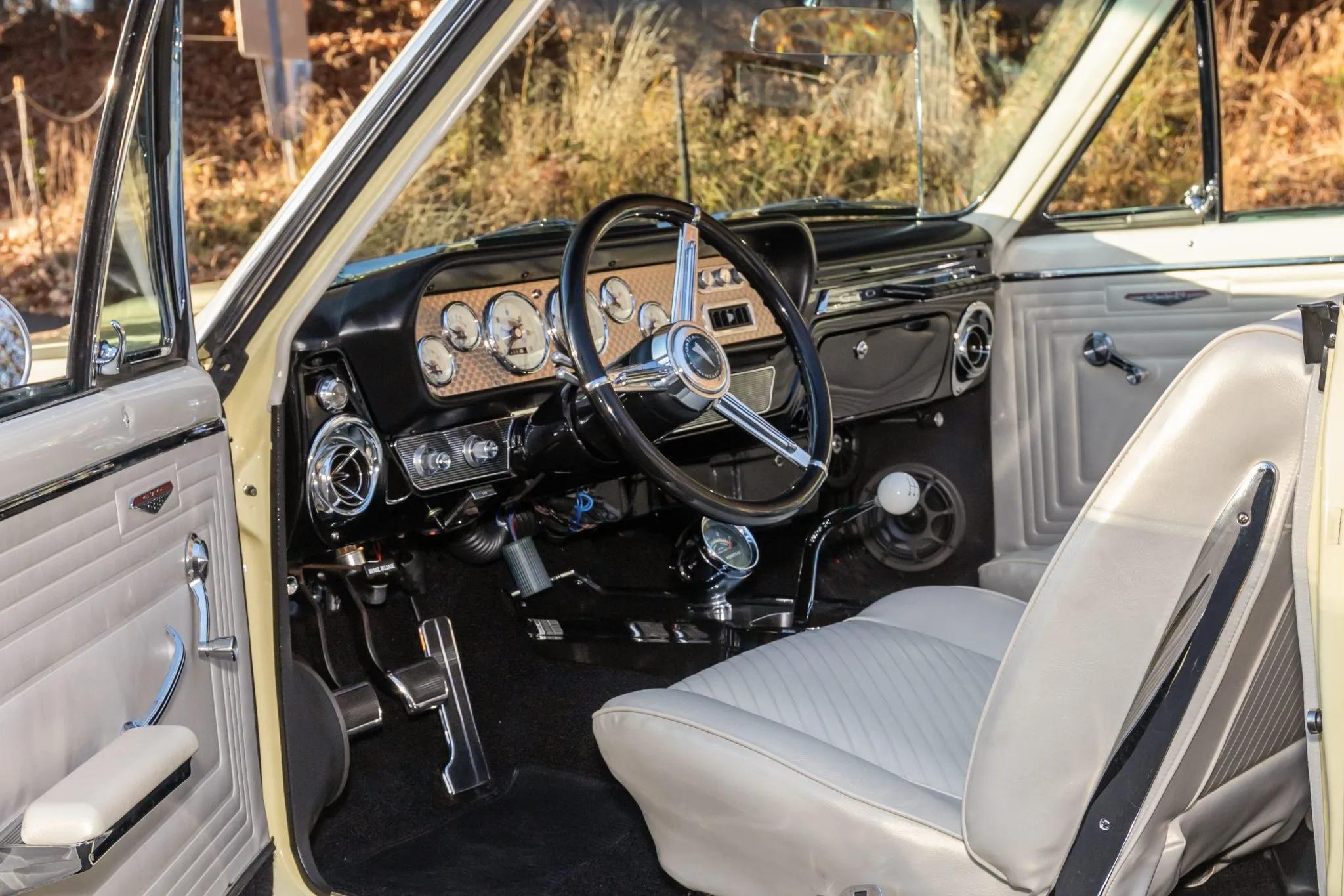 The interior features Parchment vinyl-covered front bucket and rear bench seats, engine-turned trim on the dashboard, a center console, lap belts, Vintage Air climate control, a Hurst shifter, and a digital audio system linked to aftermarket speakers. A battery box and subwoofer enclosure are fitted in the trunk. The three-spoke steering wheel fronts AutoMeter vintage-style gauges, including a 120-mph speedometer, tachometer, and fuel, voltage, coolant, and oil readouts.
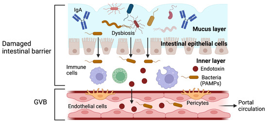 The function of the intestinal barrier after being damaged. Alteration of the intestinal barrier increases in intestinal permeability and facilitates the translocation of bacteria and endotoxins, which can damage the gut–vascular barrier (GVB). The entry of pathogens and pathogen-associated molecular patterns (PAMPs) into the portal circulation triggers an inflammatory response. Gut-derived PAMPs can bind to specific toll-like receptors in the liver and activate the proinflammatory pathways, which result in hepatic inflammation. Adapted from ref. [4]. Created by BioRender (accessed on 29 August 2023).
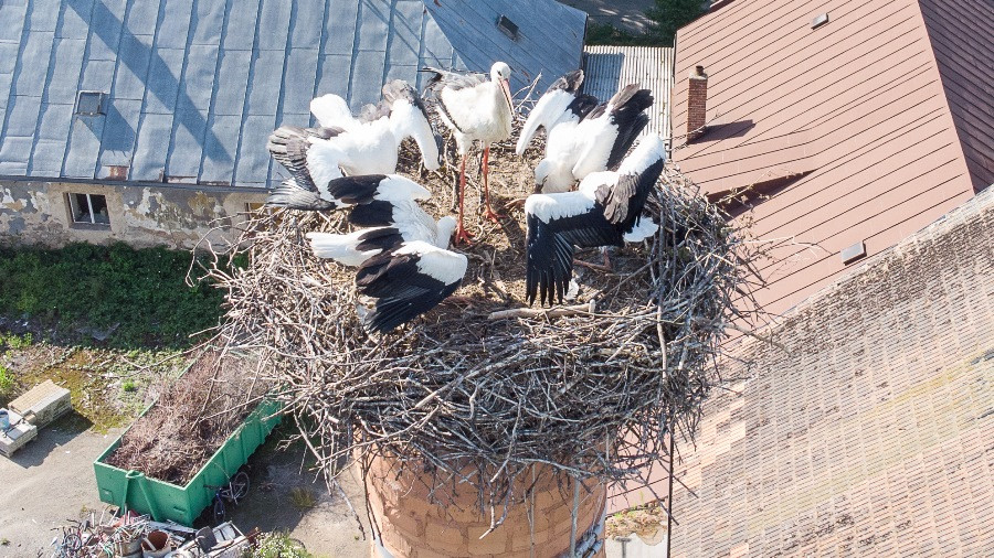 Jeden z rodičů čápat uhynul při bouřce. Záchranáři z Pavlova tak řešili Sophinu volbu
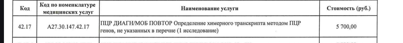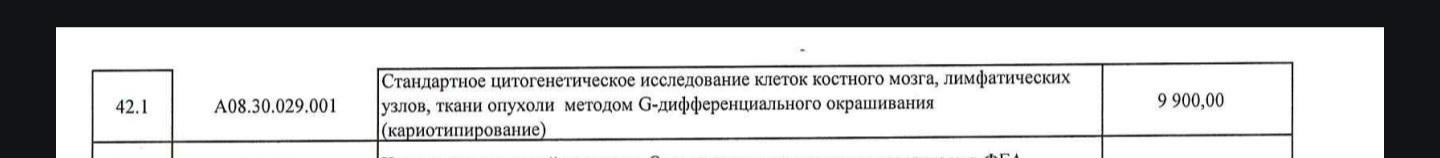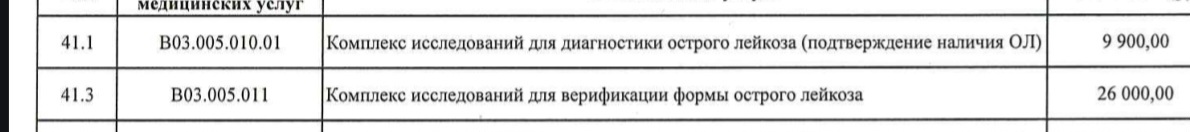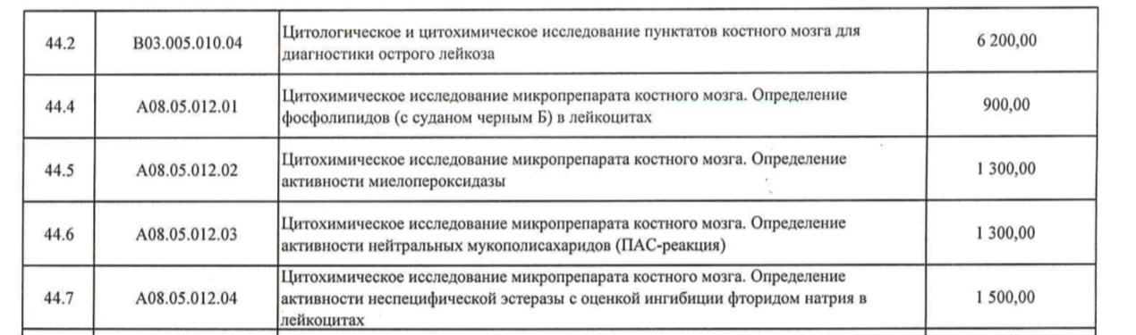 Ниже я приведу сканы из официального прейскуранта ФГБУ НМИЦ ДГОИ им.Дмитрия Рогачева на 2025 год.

### WORK TO BE COMPLETED
Reprint the data verbatim, pictures excluded.

### THE COMPLETED TASK
 The interior features Parchment vinyl-covered front bucket and rear bench seats, engine-turned trim on the dashboard, a center console, lap belts, Vintage Air climate control, a Hurst shifter, and a digital audio system linked to aftermarket speakers. A battery box and subwoofer enclosure are fitted in the trunk. The three-spoke steering wheel fronts AutoMeter vintage-style gauges, including a 120-mph speedometer, tachometer, and fuel, voltage, coolant, and oil readouts.
 The function of the intestinal barrier after being damaged. Alteration of the intestinal barrier increases in intestinal permeability and facilitates the translocation of bacteria and endotoxins, which can damage the gut–vascular barrier (GVB). The entry of pathogens and pathogen-associated molecular patterns (PAMPs) into the portal circulation triggers an inflammatory response. Gut-derived PAMPs can bind to specific toll-like receptors in the liver and activate the proinflammatory pathways, which result in hepatic inflammation. Adapted from ref. [4]. Created by BioRender (accessed on 29 August 2023).
 Jeden z rodičů čápat uhynul při bouřce. Záchranáři z Pavlova tak řešili Sophinu volbu
 Ниже я приведу сканы из официального прейскуранта ФГБУ НМИЦ ДГОИ им.Дмитрия Рогачева на 2025 год.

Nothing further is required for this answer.